Suezann Puffer 1, David Torgerson 1, Judith Watson 1
PMCID: PMC214092  PMID: 14525877

Abstract

Objective To examine the prevalence of a risk of bias associated with the design and conduct of cluster randomised controlled trials among a sample of recently published studies.

Design Retrospective review of cluster randomised trials published in the BMJ, Lancet, and New England Journal of Medicine from January 1997 to October 2002.

Main outcome measures Prevalence of secure randomisation of clusters, identification of participants before randomisation (to avoid foreknowledge of allocation), differential recruitment between treatment arms, differential application of inclusion and exclusion criteria, and differential attrition.

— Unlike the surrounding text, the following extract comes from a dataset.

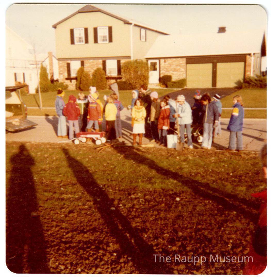 One (1) color photo of Girl Scout Troop 279 planting trees with adults in Twin Groves Park that they funded. Shows about 20 girls and adults with shovels and wagons waiting in the street at the park with a house behind them.Made/Created

Results Of the 36 trials identified, 24 were published in the BMJ,11 in the Lancet, and a single trial in the New England Journal of Medicine. At the cluster level, 15 (42%) trials provided evidence for secure allocation and 25 (69%) used stratified allocation. Few trials showed evidence of imbalance at the cluster level. However, some evidence of susceptibility to risk of bias at the individual level existed in 14 (39%) studies.

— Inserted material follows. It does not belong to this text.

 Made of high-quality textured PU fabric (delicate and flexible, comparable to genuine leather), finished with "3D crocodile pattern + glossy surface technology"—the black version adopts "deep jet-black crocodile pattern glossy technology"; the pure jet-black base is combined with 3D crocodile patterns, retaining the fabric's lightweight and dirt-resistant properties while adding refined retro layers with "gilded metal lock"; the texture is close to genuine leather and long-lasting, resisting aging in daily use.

Conclusions Some recently published cluster randomised trials may not have taken adequate precautions to guard against threats to the internal validity of their design.

Introduction

In most clinical trials participants are randomised as individuals to different treatments. Sometimes individual allocation is not possible or desirable, and groups of individuals are randomised instead: this is known as cluster or group randomisation. Many reasons for using cluster allocation exist. For example, evaluation of clinical guidelines or medical education on patient outcomes almost always requires that healthcare professionals are the “unit” of allocation.

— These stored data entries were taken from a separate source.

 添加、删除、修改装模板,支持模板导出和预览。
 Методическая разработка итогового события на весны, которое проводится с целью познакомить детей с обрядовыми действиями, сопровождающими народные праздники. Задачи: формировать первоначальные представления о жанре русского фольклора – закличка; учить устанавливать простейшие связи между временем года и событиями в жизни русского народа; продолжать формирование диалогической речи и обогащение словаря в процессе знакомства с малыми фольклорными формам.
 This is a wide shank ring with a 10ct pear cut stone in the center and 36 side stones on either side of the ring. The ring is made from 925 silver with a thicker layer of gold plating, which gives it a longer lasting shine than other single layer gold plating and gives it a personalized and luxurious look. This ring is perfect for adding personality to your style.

Although randomised trials are the most robust evaluative method, poorly conducted studies are susceptible to different forms of selection bias that can make their results unsound. Methodological reviews of individually randomised trials have shown that rigorously conducted trials produce different effect estimates from poorly conducted studies.1,2 Less attention has been paid, however, to cluster trials. Cluster trials are generally more difficult to design and execute than individually randomised studies, and some design features of a cluster trial may make it especially vulnerable to a range of threats that can introduce selection bias.

In cluster trials potential bias in the execution of the trial can occur at two levels, the first of which is the cluster level. Randomisation of clusters needs to be undertaken carefully and preferably independently. Otherwise, biased allocation may occur (certain clusters being allocated to a particular arm on the basis of reasons that might affect outcome). It is theoretically possible for allocation of clusters to be subverted, as has happened in individually randomised trials.3 Similarly, once clusters have been allocated it is important, as with individually randomised trials, to try to retain the cluster in its allocated group and avoid the cluster dropping out, to avoid the risk of attrition bias.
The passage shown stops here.